WHAT THIS TASK INVOLVES
Return the whole listing exactly, omitting the pictures.

Start of DATASET CONTENT

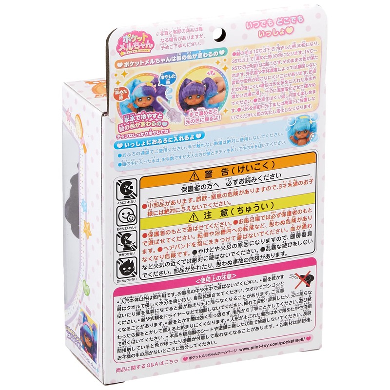• The pocket mel-chan series is sized at the palm of your hand, so you can play it with it anytime, Mel-chan's friend's Syrup-chan cools with ice water, and the hair color changes from light blue to purple. It will recover to its original color when warmed by hand
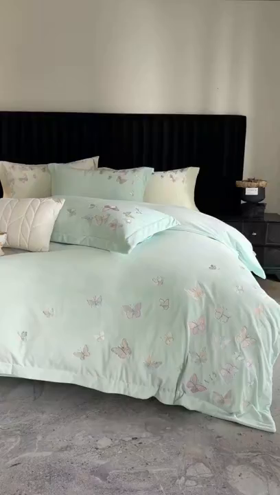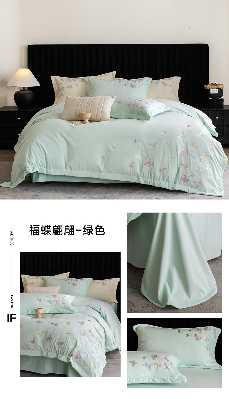 - 2024新款纯棉全棉斜纹四件套刺绣绣花款小清新三件套
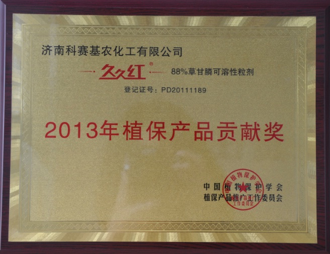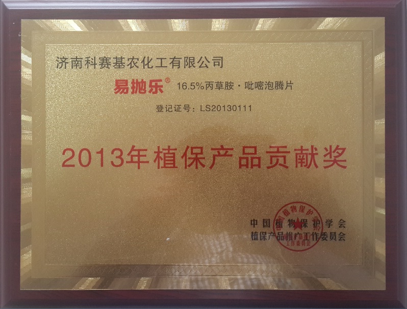 近日,濟(jì)南科賽基農(nóng)化工有限公司的久久紅(88%草甘膦可溶性粒劑)、易拋樂(lè)(16.5%丙草胺吡嘧泡騰片)榮獲“2013年植保產(chǎn)品貢獻(xiàn)獎(jiǎng)”,同時(shí)科賽基農(nóng)作物經(jīng)理蘇躍同志被授予“2013年植保產(chǎn)品推廣獎(jiǎng)”。這項(xiàng)有著“植保界奧斯卡獎(jiǎng)”盛宴,由來(lái)自農(nóng)業(yè)部農(nóng)藥檢定所、全國(guó)農(nóng)技推廣中心、中國(guó)植物保護(hù)學(xué)會(huì)以及來(lái)自地方植保系統(tǒng)的22位專(zhuān)家參與評(píng)審,最終47家企業(yè)和61個(gè)產(chǎn)品獲獎(jiǎng)。

End of DATASET CONTENT

TASK SOLUTION
• The pocket mel-chan series is sized at the palm of your hand, so you can play it with it anytime, Mel-chan's friend's Syrup-chan cools with ice water, and the hair color changes from light blue to purple. It will recover to its original color when warmed by hand
 - 2024新款纯棉全棉斜纹四件套刺绣绣花款小清新三件套
 近日,濟(jì)南科賽基農(nóng)化工有限公司的久久紅(88%草甘膦可溶性粒劑)、易拋樂(lè)(16.5%丙草胺吡嘧泡騰片)榮獲“2013年植保產(chǎn)品貢獻(xiàn)獎(jiǎng)”,同時(shí)科賽基農(nóng)作物經(jīng)理蘇躍同志被授予“2013年植保產(chǎn)品推廣獎(jiǎng)”。這項(xiàng)有著“植保界奧斯卡獎(jiǎng)”盛宴,由來(lái)自農(nóng)業(yè)部農(nóng)藥檢定所、全國(guó)農(nóng)技推廣中心、中國(guó)植物保護(hù)學(xué)會(huì)以及來(lái)自地方植保系統(tǒng)的22位專(zhuān)家參與評(píng)審,最終47家企業(yè)和61個(gè)產(chǎn)品獲獎(jiǎng)。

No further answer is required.